大坂の陣前は大坂を攻める、陣後は大坂を守る重要拠点
岸和田城(大阪府岸和田市)は別名、千亀利(ちきり)城という。機の縦糸を巻く千亀利という器具があるが、北西から南東にかけて二の丸と本丸が、ちょうど千亀利のように重なって並んでいるからだという。現在、岸和田城はまさに「千亀利」に該当する部分の石垣と堀が残っているが、明治維新を迎えるまでは堀がさらに幾重にもめぐらされ、とくに北側(正確には北東側)、すなわち大坂に向いた側が厳重な構えになっていた。
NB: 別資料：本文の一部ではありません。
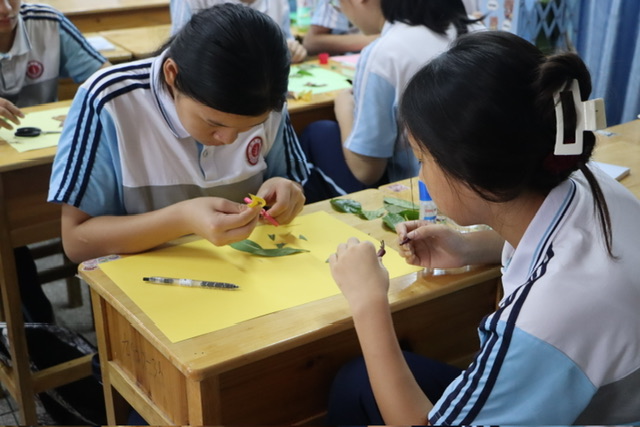 本次“流墨繪源,盛色一夏”夏令營期間,華南師范大學書畫協會流墨實踐服務隊于7月20日舉辦了主題為“一花一葉間,巧手拼世界”的樹葉拼畫活動,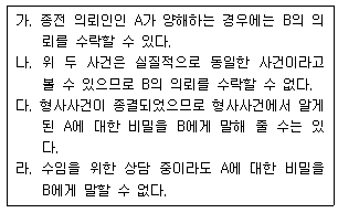 변호사 甲은 폭행치사 혐의로 구속된 A의 사건을 수임하여 열심히 변론하였으나 유죄로 확정되었다. 그 후 위 폭행치사의 피해자 유족인 B가 변호사 甲을 찾아와서 성실하게 변론하는 모습에 감동받았다고 하면서 A를 상대로 위 폭행치사 사건으로 인한 손해배상청구의 소를 제기하려고 하는데 이를 대리하여 달라는 의뢰를 하였다. 이 때 甲이 취할 수 있는 행위에 관한 설명 중 옳은 것을 모두 고른 것은? (다툼이 있는 경우 판례에 의함)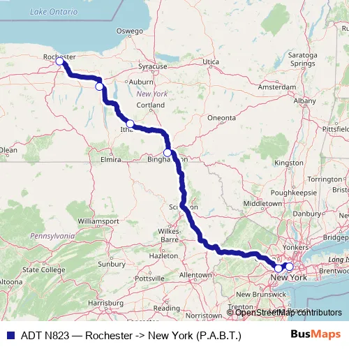 The first stop of the ADT N823 bus route is Rochester and the last stop is New York (P.A.B.T.). ADT N823 (Rochester -> New York (P.A.B.T.)) is operational during todos los días.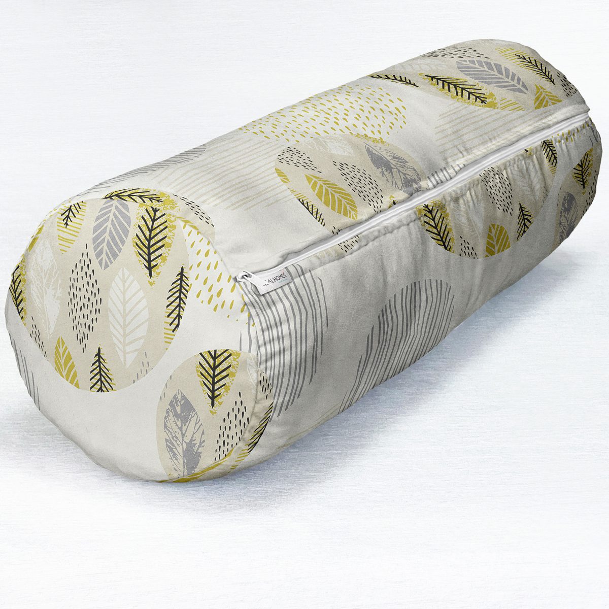 Renkli Zemin Üzerinde Yaprak Motifli Dijital Baskılı Modern İç Dolgulu – Fermuarlı Süet Silindir Rulo Yastık Kırlent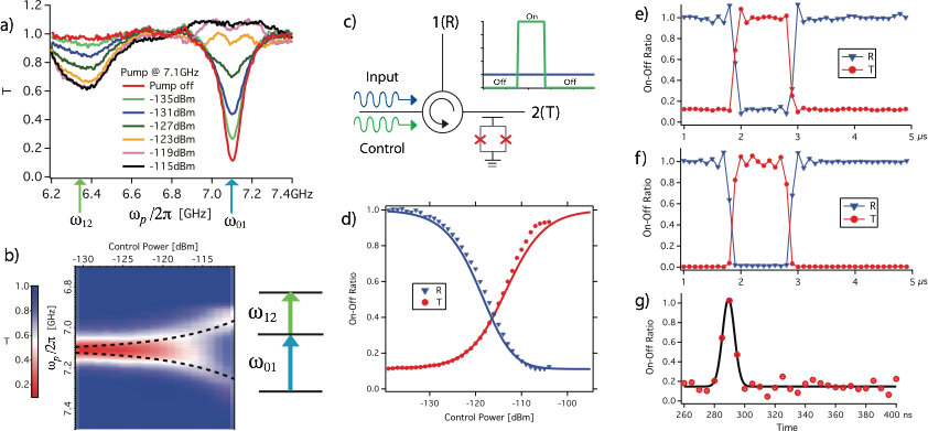 The work started with a set of experiments studying the strong coupling of a single artificial atom to an open transmission line. This produces an almost ideal 1D quantum electrodynamic system. Those first experiments demonstrated a number of interesting physical effects. For instance, we demonstrated that the coherent scattering of single photons from the atom leads to the strong extinction (>99%) of the transmitted light, an effect long predicted but never observed in conventional quantum optics [L14]. (This effect was first observed in the same year by Astafiev et al. at NEC.) In the same work, we demonstrated, for the first time, a rudimentary single-photon router in the microwave regime [L14], an important building block for future quantum networks.

慶長20年(1615)の大坂夏の陣で豊臣家が滅ぶと、元和5年(1619)に大坂は幕府の直轄地(天領)となり、翌年から将軍徳川秀忠の命で大坂城の再建がはじまった。その大坂を挟むように守る役割が与えられたのが、元和3年(1617)からあらたに築城された尼崎城(兵庫県尼崎市)と、この岸和田城だった。まさに大阪が天領になるタイミングで、城主だった外様大名の小出吉英が但馬(兵庫県北部)の出石に転封になり、譜代大名の松平康重が城主になっている。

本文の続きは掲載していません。